9fingers":2xhyhtam said:


> I make them to suit the job from aluminium angle, attach with a clamp and spot though with a brad point bit.
> Simple to make and easy to use.
> 
> Bob


I'm trying to picture this Bob. I can't see how alloy angle would keep the drill straight. Unless it's about 12 mm section?

Cheers... 
John


----------



## 9fingers (2 Jun 2012)

It's not intended to aid straight drilling but to sped up accurate marking out.

To be honest, folk who can drill straight need to practice until they can. 

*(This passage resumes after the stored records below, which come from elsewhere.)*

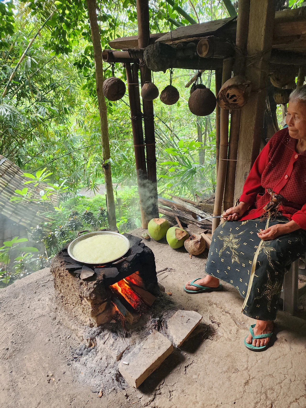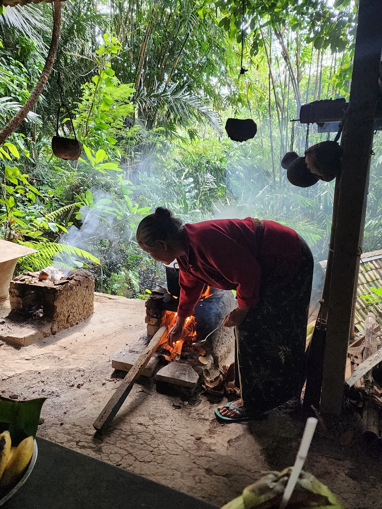 코코넛 바나나 타코를 먹으라며 내어주고서는 불 앞을 지키시던 붐붐의 어머니. 정말 고우셨다.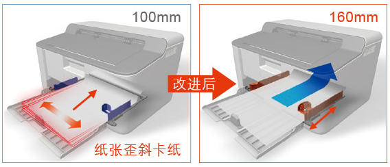 導(dǎo)塊從100mm增長(zhǎng)至160mm,確保紙張從走紙直至打印引擎都能平整,減少紙張歪斜的煩惱。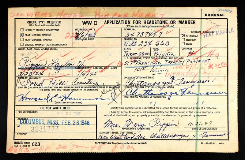 Layton Pippin was buried at Henri-Chapelle Cemetery, Belgium. In Oct, 1947 his body was exhumed and reinterred at Forest Hills Cemetery, Chattanooga, TN with full Military Honors.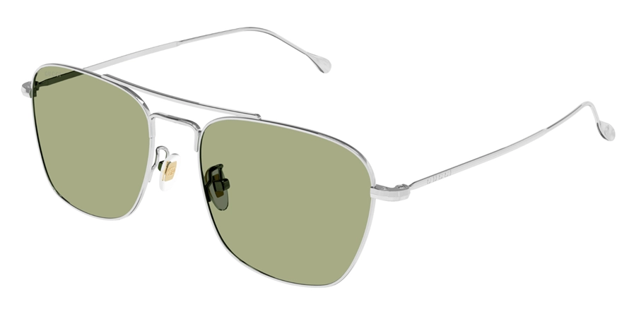 משקפי שמש גוצ'י לנשים דגם GG1183S 004 53-17-150 בשילוב צבע כסף עם עדשות בצבע ירוק. סגנון הדגם אלגנטי, קלאסי. מסגרת מתכת.
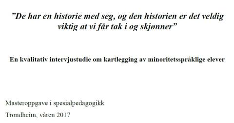 Masteravhandlingen ”De har en historie med seg, og den historien er det veldig viktig at vi får tak i og skjønner” (NTNU, 2017) av Viktoryia Sunde, tar sikte på å få frem hvilke utfordringer PP-tjenesten møter i kartlegging av minoritetsspråklige elever.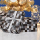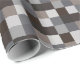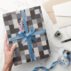 This wrapping paper features squares in different shades of black and grey in a pixelated pattern.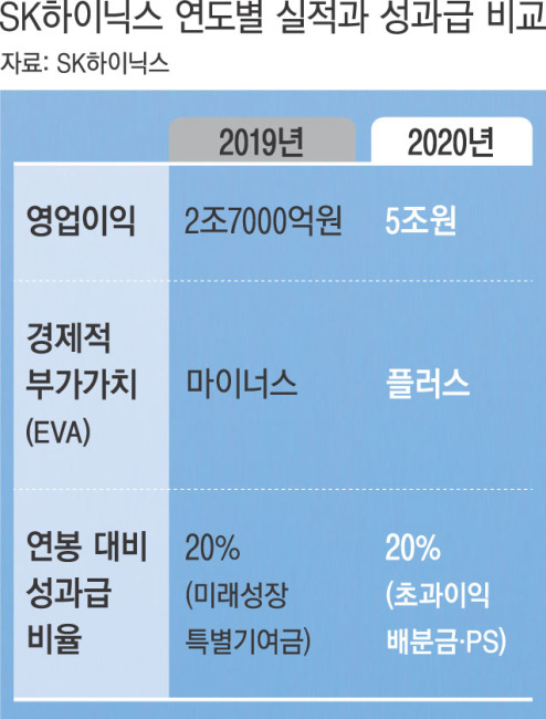 SK하이닉스가 지난해 실적을 토대로 지급된 성과급이 적다는 직원들의 반발로 몸살을 앓고 있다. 직원들은 지난해 영업이익이 2019년보다 2배 가까이 많아졌는데 성과급은 그대로라며 불만이다. 삼성전자 등 경쟁사로 이직하겠다는 얘기까지 나왔다. 최태원 SK그룹 회장이 자신의 연봉을 반납하고, 이석희 SK하이닉스 사장이 사내에 해명글을 올렸지만 논란은 쉽게 가라앉지 않고 있다.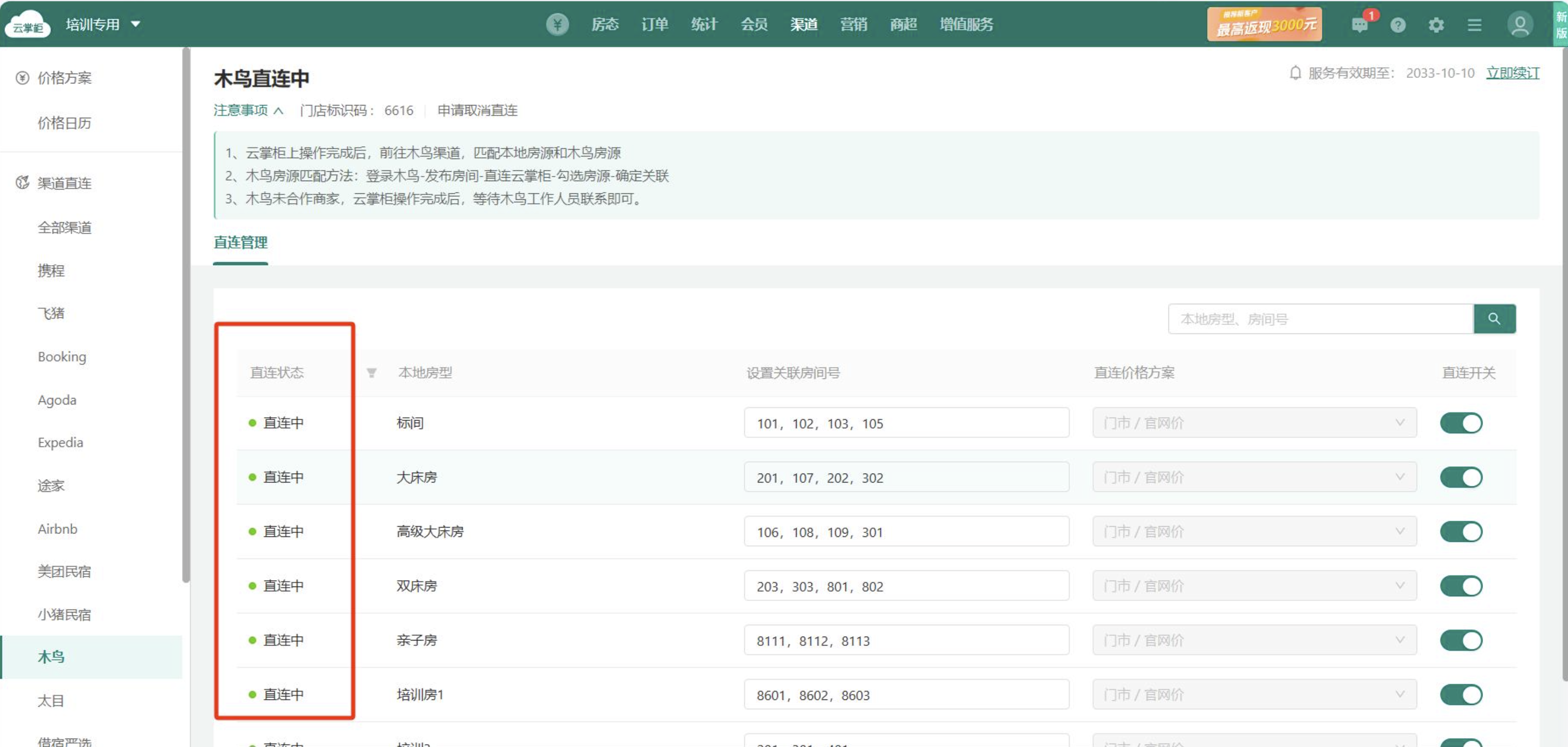 4、直连后,掌柜可以在木鸟渠道页修改直连房型关联关系,也可取消直连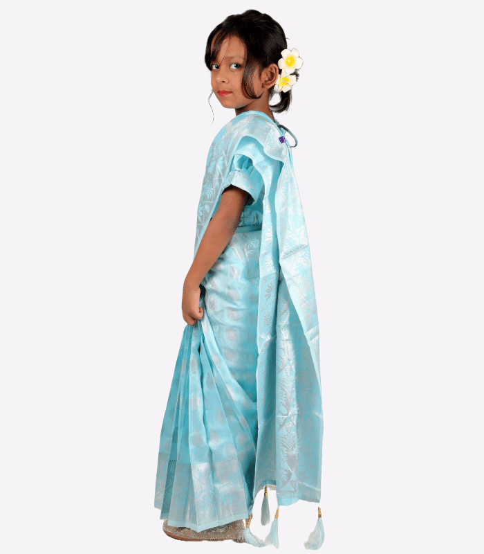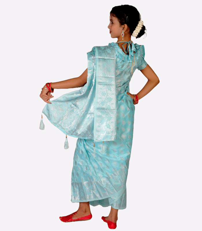 All fabrics are gentle on the skin, durable, and designed to retain their color and shine even after multiple washes. For a full view of available sizes, fabrics, and finishing, visit our Ready Saree Kids Collection.
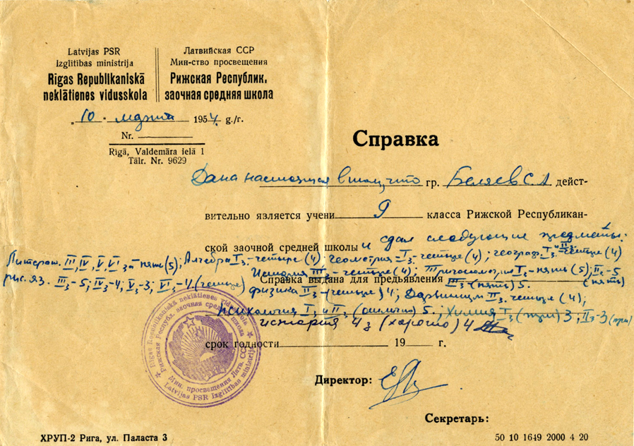 Справка об окончании Сергеем Беляевым 9 класса Рижской республиканской заочной средней школы. (10.03.1954)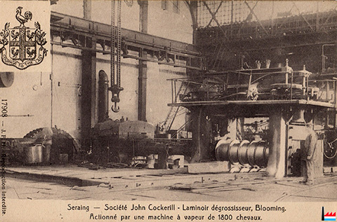 Cockerill, Seraing - Laminoir dégrossisseur, Blooming, actionné par une machine à vapeur de 1800 chevaux (Carte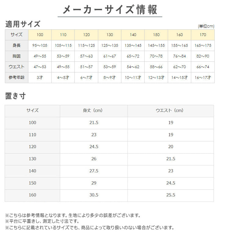 - 100cm(身長:95-105cm/ウエスト:47-53cm)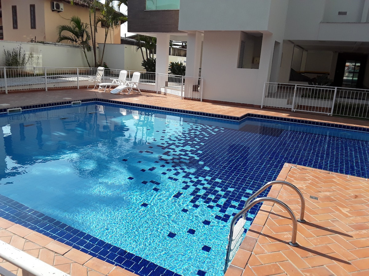 Apartamento muito confortável mobiliado completo, de 1 quarto com ar condicionado split, com cozinha, sala com sacada e churrasqueira, banheiro e área de serviço; Prédio com elevador, garagem e vagas para visitantes; Condomínio com piscina, a 150 metros da praia. Excelente localização na região mais central da Praia da Cachoeira do Bom Jesus, a poucos metros do restaurante Bokas; fácil acesso a outras praias da região, bom comércio, farmácia, supermercados, restaurantes, e outras diversões.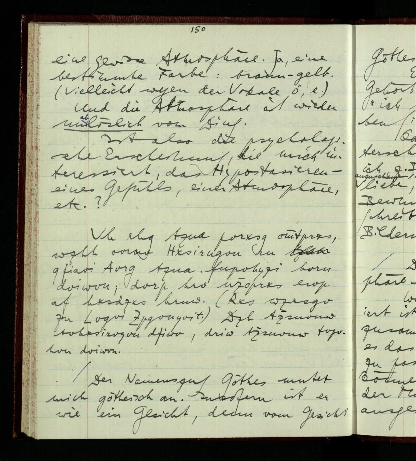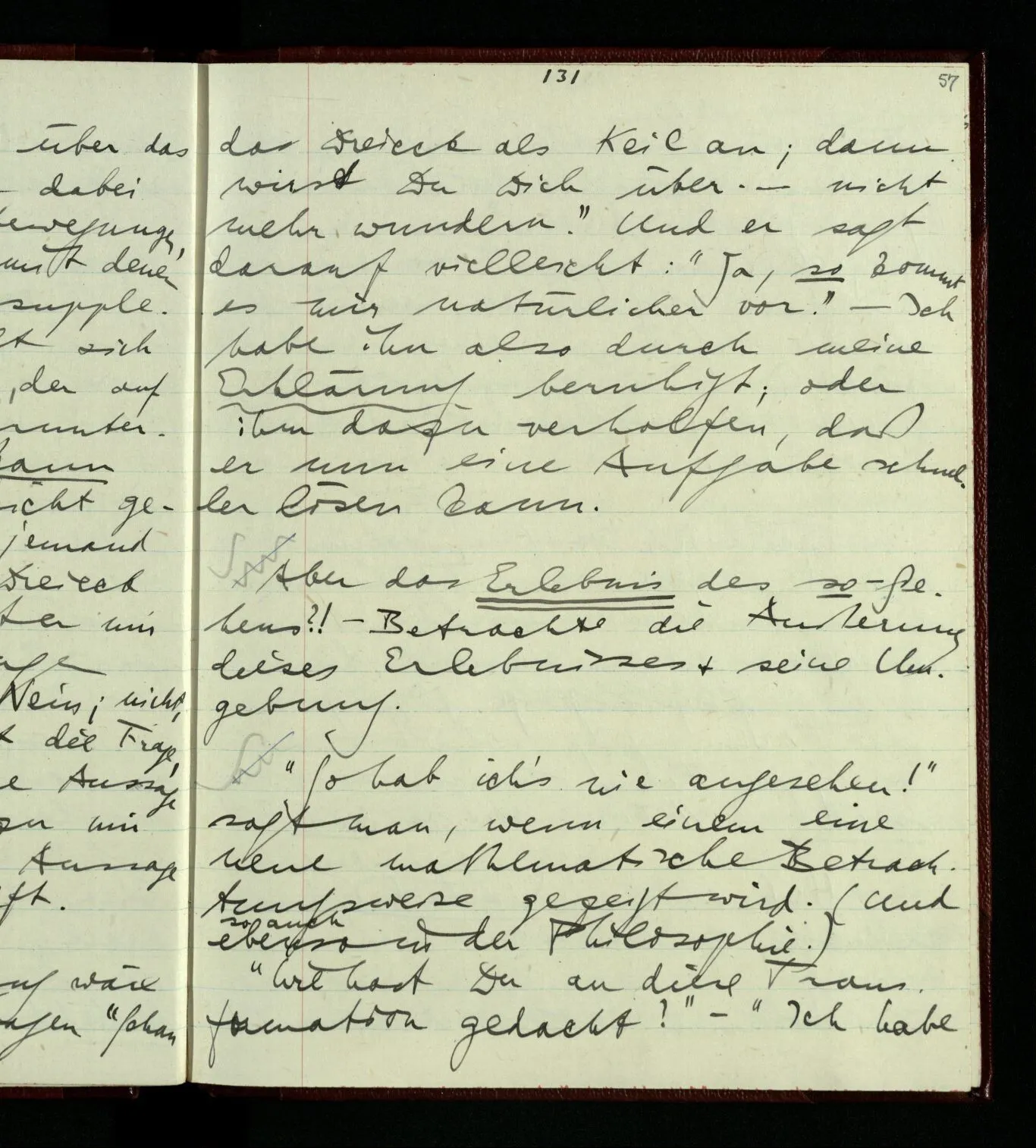 “Wenn Du vom Traum, vom Denken, von der Empfindung redest, – scheinen nicht alle diese Dinge das Geheimnisvolle zu verlieren, was ihr wesentliches Merkmal zu sein scheint?” Warum soll der Traum geheimnisvoller sein, als der Tisch? Warum sollen sie nicht beide gleich geheimnisvoll sein?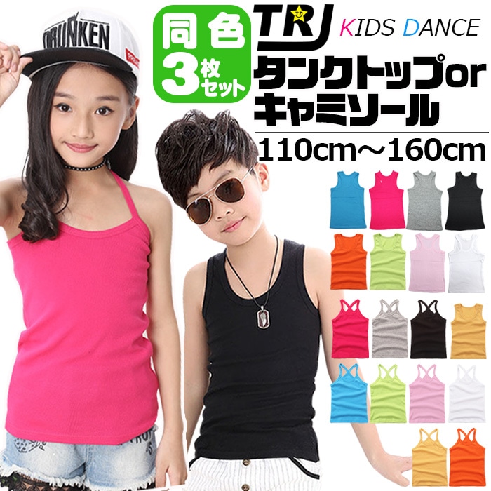 送料無料 正午まで当日発送(土日祝除く)【訳あり】3枚セット タンクトップ キャミソール 女の子 男の子 子供服 キッズ 無地 9...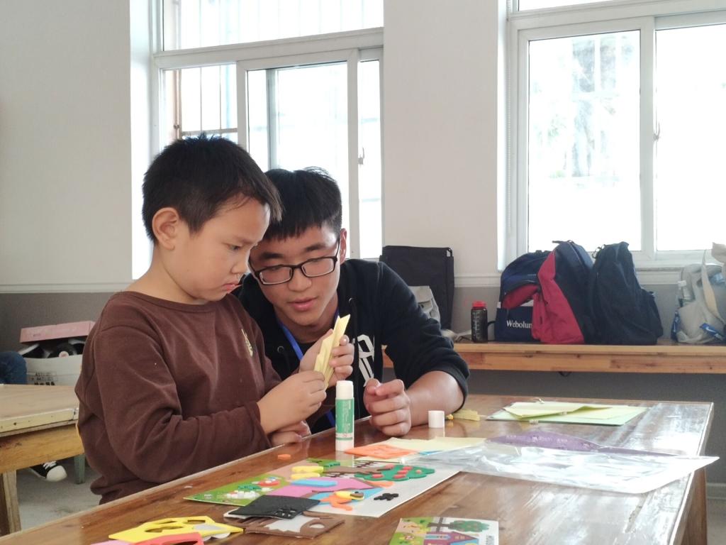 “先对折,再根据中间那条线一面向前折,一面向后折......”折纸环节中,孩子们到了最后反而当起了老师,开始带着志愿者折一些新奇的小事物。地理科学专业2018级(3)胡玉婷说:“孩子们真的心灵手巧,什么东西都能快速学会,还能想出一些我们都想不到的东西”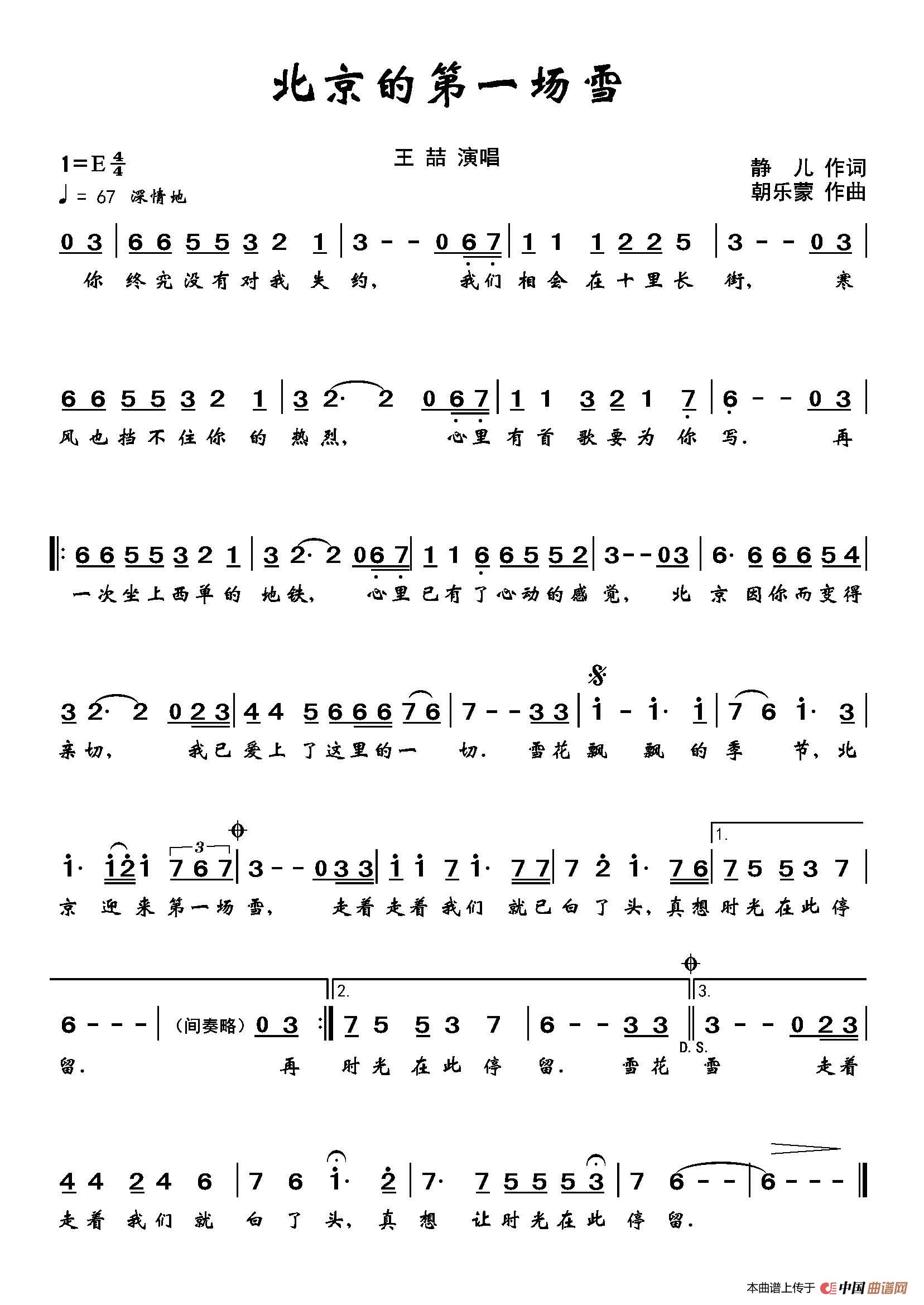 《北京的第一场雪》这首唯美的歌曲作品,由著名作曲家朝乐蒙作曲;词作家静儿作词;女高音歌唱家王喆演唱。歌曲旋律悠扬、典雅,极具时代气息,整首作品通过对简单的自然场景进行塑造和表现,挖掘自然中的真实,将人富有诗意的联想与自然物象进行结合,来表达内心的情感世界。通过旋律语言对雪的抒情和描写,以体现雪的包容万象,净化喧嚣和承载万物的艺术魅力。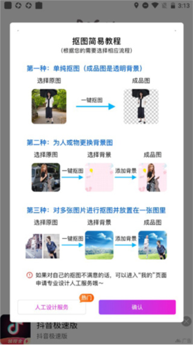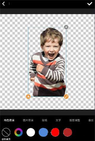 4、在编辑界面可更换背景、添加贴纸文字、调整抠图位置与叠加效果,编辑完成后点击确认并保存。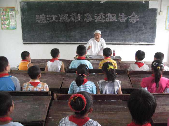 今年9月是穆斯林传统斋月,也是全国民族团结进步宣传月,皖河农场开展了以“唱红色歌曲、听革命故事”为主题的宣传活动,把“当地回民船工护送大军过长江”这一段历史作为身边的活教材,对回族儿童进行爱国主义教育。图为渡江战斗英雄、85岁的回族老人马兆美在马店回民小学向孩子们讲述渡江战斗故事。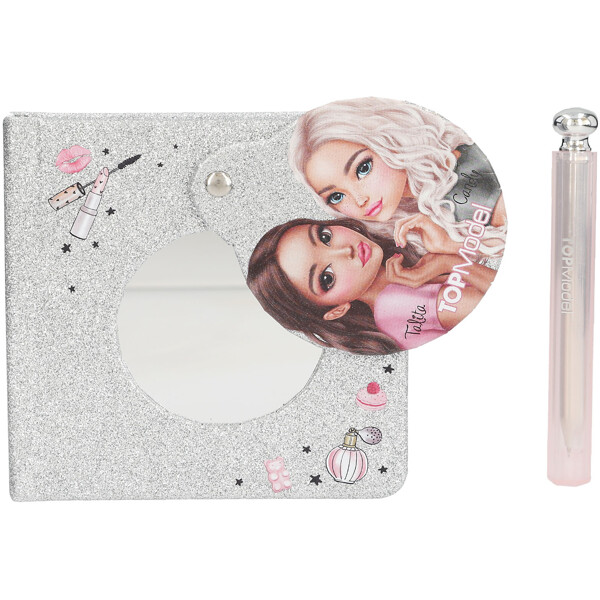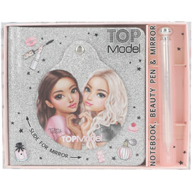Ein Schreibheft in einem silberfarbenen Glitzerumschlag mit süßen Beauty-Motiven und verstecktem Spiegel, schön linierte Seiten mit niedlichen Illustrationen sowie ein schicker silberfarbener Stift mit rosa Kappe.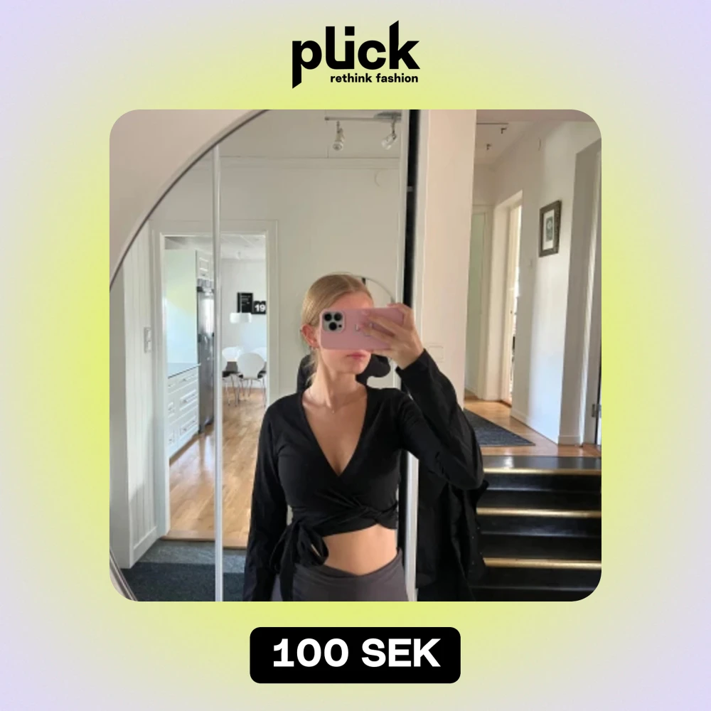 Säljer en snygg svart omlottopp med långa ärmar. Toppen har en djup v-ringning och knyts i midjan för en tight passform. Perfekt för både vardag och fest!

Barrel nut and related holes don't need to be that straight, within a degree is plenty good enough.

Bob


----------



## Benchwayze (2 Jun 2012)

Thanks Bob, 

I was just trying to visualise what you were getting at, as the OP wanted to know how to keep the holes aligned. 
I suppose if necessary, we could make a suitable jig, using hardwood; something along the lines of Krenov's 'throwaway' dowelling jig.
Cheers
John


----------



## 9fingers (2 Jun 2012)

Hi John, 
I interpreted the Q as keeping holes aligned to one another ie so the bolt hole intersected properly with the barrel nut hole.

Yes just a simple block cut into a L shape on the table saw for a perfect right angle cut out and then drilled on a pillar drill would do for marking out and help the 'angularly challenged' too.

Bob


----------



## Benchwayze (2 Jun 2012)

Gotcha Bob. 

I tend to drill them both together when I can, and allow maybe 1/16" oversize for a bit of wriggle room!

In the past, for dowelling, I relied on accurate marking out, driving pins part way in, snipping off the heads and then used to locate the drilling spots, in the mating pieces. Just remove the nails of course after they do their job. 
It was a bit of a faff, but the only mistake would be 'sloping' drilling. Served me well, till I got the jigs, that I never use now!


----------



## custard (10 Jun 2012)

1. Drill the hole in the apron, be as accurate as you can but don't sweat it too much.

2. Stick a long dowel into the hole that's the same diameter as the drill. The dowel has to be long enough to bottom out in the hole and still protrude from the apron about 200mm. 

3. This dowel now contains the two bits of information you need. Where the hole ends and the angle it was drilled at.

4. Line up a straight edge on the apron so that it's in-line with the protruding 200mm dowel. Centre it on the protruding dowel, and use it to pencil a line on the apron that shows where the hole is. If you want to get fancy you can extend two lines from the upper and lower edges the hole out to the edge of the apron, then you'll be spot on with your centring.

5. Withdraw the dowel and use it as a depth gauge to show where the hole ends. Also mark this on the apron.

6. Drill the apron for the barrel nut, using a 1mm oversize bit to give yourself some wiggle room.


----------